Lacy studied acting with Larry Moss and Howard Fine and took classes at The Groundlings.  She's performed stand-up about her unusual childhood behind the ‘Orange Curtain’ and has starred in nearly 200 television commercials; she currently serves as a TV commercial spokesperson for AutoNation.

The Creel sisters, Monica, Joy, and Leanna, appeared in roles together on Growing Pains and Beverly Hills 90210, among others; they also were interviewed on The Tonight Show starring Johnny Carson.
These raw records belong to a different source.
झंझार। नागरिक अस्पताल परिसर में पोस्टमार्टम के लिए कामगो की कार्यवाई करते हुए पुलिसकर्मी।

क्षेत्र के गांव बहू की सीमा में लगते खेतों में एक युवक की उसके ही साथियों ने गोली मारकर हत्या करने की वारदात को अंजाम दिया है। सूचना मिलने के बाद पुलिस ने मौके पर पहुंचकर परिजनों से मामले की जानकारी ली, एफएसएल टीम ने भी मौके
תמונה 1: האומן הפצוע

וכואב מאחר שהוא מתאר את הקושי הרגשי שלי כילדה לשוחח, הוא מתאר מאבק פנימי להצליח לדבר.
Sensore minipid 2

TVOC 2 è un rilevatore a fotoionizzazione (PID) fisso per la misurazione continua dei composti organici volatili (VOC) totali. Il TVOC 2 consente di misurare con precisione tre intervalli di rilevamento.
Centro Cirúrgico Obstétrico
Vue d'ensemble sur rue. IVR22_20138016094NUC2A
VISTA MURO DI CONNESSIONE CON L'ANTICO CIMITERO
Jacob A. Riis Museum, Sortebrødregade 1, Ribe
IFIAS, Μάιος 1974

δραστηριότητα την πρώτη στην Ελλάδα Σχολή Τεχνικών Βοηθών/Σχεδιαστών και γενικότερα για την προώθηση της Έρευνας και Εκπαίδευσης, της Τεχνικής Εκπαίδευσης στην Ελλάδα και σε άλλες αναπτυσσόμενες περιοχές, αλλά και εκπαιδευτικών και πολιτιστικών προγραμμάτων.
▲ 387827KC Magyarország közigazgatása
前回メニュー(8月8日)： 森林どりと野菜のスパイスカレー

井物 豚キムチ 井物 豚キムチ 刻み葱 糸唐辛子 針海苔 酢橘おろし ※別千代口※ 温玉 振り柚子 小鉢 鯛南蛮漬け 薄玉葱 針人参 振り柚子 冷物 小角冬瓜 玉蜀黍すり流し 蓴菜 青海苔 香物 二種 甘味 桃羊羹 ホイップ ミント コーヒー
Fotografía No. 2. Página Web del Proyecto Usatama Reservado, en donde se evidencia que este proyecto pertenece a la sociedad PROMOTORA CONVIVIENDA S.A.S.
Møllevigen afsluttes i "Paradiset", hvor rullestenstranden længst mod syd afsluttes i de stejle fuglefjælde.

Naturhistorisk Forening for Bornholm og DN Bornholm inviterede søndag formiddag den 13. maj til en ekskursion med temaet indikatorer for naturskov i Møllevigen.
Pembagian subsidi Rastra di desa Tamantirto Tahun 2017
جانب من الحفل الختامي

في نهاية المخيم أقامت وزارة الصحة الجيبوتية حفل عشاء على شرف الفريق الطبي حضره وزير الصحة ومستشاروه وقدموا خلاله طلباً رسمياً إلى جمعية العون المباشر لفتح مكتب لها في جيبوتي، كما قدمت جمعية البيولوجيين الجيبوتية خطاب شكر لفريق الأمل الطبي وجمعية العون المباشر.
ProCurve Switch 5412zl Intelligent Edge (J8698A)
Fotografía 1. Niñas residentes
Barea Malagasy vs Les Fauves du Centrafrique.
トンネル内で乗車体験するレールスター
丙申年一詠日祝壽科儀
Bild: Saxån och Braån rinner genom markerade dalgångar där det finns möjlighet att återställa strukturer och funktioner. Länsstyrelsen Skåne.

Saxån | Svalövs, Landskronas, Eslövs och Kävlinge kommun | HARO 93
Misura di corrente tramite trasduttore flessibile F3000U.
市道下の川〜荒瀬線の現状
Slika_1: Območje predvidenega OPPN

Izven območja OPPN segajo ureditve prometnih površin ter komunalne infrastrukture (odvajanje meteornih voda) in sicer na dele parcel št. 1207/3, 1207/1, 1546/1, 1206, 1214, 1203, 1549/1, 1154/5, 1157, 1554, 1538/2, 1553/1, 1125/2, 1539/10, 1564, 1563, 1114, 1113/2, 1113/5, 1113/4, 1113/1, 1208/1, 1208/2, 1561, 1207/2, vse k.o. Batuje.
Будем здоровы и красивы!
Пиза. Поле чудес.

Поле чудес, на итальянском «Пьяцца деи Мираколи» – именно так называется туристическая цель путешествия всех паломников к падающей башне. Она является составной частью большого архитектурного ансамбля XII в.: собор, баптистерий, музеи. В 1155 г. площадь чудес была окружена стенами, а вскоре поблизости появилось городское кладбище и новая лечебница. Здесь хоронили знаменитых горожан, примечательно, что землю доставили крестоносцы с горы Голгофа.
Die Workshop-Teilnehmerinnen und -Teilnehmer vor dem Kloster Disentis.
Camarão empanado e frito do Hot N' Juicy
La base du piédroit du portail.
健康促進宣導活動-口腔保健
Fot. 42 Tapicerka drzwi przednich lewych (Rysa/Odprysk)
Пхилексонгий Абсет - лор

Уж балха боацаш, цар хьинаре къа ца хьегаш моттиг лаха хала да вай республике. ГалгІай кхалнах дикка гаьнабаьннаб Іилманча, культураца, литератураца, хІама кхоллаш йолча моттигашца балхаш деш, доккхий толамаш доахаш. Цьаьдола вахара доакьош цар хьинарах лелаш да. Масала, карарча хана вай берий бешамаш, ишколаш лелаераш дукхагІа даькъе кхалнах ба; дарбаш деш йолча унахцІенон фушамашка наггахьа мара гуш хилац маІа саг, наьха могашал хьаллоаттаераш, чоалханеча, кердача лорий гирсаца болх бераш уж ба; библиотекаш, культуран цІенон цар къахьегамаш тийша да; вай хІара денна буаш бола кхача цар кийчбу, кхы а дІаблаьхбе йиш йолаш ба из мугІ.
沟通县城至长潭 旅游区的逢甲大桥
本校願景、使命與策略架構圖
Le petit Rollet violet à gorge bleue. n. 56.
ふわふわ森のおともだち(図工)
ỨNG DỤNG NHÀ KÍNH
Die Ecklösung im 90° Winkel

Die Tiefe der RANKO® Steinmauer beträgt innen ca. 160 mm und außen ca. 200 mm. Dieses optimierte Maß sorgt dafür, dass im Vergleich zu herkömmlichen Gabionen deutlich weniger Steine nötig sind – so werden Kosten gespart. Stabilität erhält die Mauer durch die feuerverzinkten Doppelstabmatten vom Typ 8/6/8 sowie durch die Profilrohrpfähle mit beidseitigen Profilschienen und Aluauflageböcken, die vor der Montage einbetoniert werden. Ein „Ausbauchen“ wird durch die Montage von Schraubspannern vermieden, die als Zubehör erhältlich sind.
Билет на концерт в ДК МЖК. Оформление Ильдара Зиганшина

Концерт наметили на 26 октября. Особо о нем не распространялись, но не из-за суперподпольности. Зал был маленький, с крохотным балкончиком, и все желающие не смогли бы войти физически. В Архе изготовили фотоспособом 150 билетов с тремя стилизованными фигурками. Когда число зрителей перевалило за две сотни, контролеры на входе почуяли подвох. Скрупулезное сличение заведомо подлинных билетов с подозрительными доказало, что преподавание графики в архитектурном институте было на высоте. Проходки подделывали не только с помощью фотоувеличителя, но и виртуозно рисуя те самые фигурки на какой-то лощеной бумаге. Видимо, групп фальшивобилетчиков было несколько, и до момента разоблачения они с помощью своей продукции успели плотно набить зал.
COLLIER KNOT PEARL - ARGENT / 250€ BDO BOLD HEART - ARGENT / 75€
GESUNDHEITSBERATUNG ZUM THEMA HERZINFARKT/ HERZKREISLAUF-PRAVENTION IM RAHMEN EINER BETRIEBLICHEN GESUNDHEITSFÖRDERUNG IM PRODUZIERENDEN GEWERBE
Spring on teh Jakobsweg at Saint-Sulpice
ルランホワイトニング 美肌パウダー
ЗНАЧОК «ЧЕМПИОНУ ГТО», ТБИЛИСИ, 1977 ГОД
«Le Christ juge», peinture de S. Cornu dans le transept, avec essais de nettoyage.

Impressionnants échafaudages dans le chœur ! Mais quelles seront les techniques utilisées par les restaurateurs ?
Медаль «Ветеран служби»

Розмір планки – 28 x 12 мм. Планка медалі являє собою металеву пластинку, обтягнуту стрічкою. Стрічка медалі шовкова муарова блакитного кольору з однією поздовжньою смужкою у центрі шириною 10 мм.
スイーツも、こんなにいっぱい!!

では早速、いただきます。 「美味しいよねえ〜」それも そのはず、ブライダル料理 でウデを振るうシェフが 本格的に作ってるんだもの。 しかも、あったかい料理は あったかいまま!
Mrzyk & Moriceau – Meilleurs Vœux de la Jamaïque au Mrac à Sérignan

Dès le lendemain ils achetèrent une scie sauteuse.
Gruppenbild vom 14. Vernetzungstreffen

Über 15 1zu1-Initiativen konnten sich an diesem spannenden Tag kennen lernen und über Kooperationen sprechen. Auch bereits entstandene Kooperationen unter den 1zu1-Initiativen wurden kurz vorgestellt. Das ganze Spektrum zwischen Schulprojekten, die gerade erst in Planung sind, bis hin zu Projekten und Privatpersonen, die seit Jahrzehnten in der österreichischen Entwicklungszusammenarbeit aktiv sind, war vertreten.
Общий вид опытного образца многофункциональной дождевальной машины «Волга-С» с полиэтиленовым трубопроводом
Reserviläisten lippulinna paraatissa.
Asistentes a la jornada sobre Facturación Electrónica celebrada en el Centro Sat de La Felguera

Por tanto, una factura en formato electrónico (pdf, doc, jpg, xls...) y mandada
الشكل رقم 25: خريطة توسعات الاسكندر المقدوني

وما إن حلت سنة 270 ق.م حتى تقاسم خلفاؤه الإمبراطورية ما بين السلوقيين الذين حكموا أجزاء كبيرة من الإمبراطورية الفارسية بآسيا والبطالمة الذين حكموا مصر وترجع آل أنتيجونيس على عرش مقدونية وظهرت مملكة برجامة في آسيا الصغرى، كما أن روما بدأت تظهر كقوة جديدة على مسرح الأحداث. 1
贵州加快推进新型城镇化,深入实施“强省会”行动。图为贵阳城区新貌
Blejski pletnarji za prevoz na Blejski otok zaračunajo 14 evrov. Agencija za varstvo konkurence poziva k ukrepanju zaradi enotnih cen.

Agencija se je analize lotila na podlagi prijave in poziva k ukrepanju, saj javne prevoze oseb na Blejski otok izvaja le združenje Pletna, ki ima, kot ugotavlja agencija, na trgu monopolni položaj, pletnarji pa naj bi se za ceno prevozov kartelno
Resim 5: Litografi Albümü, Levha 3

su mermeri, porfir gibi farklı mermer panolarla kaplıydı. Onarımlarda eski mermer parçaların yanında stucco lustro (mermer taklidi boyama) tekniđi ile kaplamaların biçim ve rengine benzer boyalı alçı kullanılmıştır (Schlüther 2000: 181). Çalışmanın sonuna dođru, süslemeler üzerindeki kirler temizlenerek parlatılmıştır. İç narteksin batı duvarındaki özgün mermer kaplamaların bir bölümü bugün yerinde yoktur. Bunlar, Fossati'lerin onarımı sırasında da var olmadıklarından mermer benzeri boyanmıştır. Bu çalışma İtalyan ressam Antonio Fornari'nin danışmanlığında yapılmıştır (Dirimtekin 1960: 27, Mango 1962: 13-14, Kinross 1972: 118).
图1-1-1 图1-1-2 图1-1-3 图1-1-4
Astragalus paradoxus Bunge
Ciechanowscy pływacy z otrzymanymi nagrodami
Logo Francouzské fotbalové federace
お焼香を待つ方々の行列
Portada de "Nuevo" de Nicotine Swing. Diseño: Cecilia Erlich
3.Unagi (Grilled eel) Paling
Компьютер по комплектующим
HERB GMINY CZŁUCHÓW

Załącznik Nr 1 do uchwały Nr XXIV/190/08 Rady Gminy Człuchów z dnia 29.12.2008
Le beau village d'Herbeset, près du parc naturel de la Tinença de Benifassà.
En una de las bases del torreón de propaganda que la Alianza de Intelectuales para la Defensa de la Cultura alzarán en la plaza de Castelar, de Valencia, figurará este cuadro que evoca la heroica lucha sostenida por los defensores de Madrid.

While her sisters eventually chose paths away from the spotlight, Monica began appearing in several popular television shows, which included Married... with Children, where she appeared as Esther, a celibate teen-in-distress, whom Bud, who works as a dispatcher for a "Virgin Hotline", must talk into staying celibate in the season 9 episode "Dial "B" for Virgin". Lacy's additional television credits include dating Kramer on the classic Seinfeld episode "The Yada Yada", going through heartbreak on FOX's Party of Five, and an appearance on the Baywatch episode "Shark's Cove" in 1992.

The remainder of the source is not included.